In Papuans, the Denisovan gene variants fall in the regulatory regions of genes that are important to immune cells. “We don’t see this in other cell types, which suggests that Denisovan DNA is really making specific contributions to the immune system,” Romero says. This work was supported using computer analysis software. To move beyond prediction and experimentally validate their findings, the researchers turned to cell cultures.
“This is often the bottleneck for all kinds of genetics studies,” Romero says. “The validation is pretty straightforward, using a technique that is well established. We synthesized small segments of DNA (170 bases long) that contained the Denisovan sequence we wanted to test and the equivalent sequence from H. sapiens, and put it directly before the DNA sequence for a protein called green fluorescent protein, or GFP.” If the segments selected by the team are in fact able to regulate genes (i.e., turn them “on” and “off”), the cells would start to produce copies of GFP, turning the cells green, or no GFP would be produced, and they would remain colorless.
“The best thing about this method is that we can measure things with more detail than simply on/off, so we can also say the Denisovan version of this sequence was more effective at turning on GFP than the H. sapiens sequence, or vice versa,” Romero adds. Indeed, the Denisovan DNA was found to regulate the nearby genes in the cell culture, suggesting they play an active role in the immune function of modern-day Papuans. The research team suggest that the Denisovan DNA might have supported the adaptation of early humans living in New Guinea to their environment.
Testing more variants in the presence of infection
In this study, only a handful of the variants identified by computer analysis were validated experimentally, a limitation Romero acknowledges and emphasizes as a focus for future work. “We are definitely working on expanding the number of Denisovan sequences we experimentally test for function! Ideally, we would have tested 1000s or 10,000s of these, not just the 8 we did in the paper (and two of those failed for technical reasons, so really, we only tested 6),” she says.
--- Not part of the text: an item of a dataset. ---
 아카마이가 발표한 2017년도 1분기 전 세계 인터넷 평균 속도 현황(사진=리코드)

“It's also important to know that the amount of depth to which we can go is very much limited by the resources we have access to,” Romero adds. “People of non-European ancestry are dramatically under-represented in human genetics and biomedical databases, and these omissions impact health outcomes, by, for example, making it harder to predict the consequences of a specific DNA variant, or by failing to predict adverse drug effects and things like that. But that's a broader limitation of the field.”
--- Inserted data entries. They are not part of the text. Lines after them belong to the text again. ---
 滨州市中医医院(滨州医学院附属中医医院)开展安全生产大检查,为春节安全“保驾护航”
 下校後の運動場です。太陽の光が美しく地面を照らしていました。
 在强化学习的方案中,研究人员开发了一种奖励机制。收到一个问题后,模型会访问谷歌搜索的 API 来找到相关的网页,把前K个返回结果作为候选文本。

While the data suggests the Denisovan variants are impacting the immune system, an interesting next step – in Romero’s words – would be to test what these DNA sequences do in the presence of infection. “That’s something we would definitely love to do in the future,” Romero concludes.
Reference: Vespasiani D, Jacobs G, Cook L, et al. Denisovan introgression has shaped the immune system of present-day Papuans. PLOS Genetics. 2022. doi: 10.1371/journal.pgen.1010470.
Dr. Irene Gallego Romero was speaking to Molly Campbell, Senior Science Writer for Technology Networks.